GOAL OF THE EXERCISE: Using the listing below, set down each line from the line containing "- Roll and Cut" through the line containing "A fun abstract", both ends included, exactly and with nothing added.

INFORMATION SHOWN:
- - - - -
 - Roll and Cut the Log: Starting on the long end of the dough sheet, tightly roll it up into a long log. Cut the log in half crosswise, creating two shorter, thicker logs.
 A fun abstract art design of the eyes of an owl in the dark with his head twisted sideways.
- - - - -
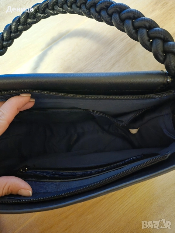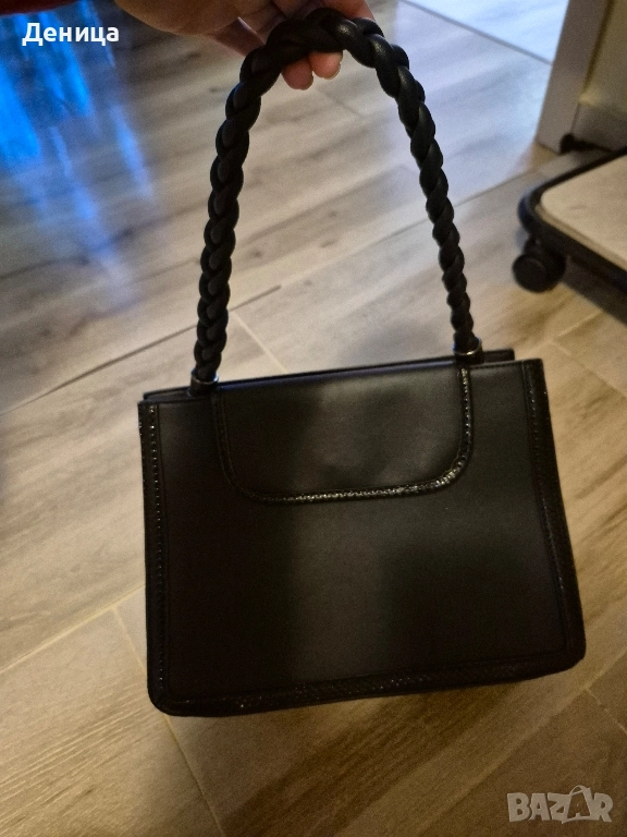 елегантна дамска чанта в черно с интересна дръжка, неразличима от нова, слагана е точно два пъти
- - - - -
EXPECTED OUTPUT:
 - Roll and Cut the Log: Starting on the long end of the dough sheet, tightly roll it up into a long log. Cut the log in half crosswise, creating two shorter, thicker logs.
 A fun abstract art design of the eyes of an owl in the dark with his head twisted sideways.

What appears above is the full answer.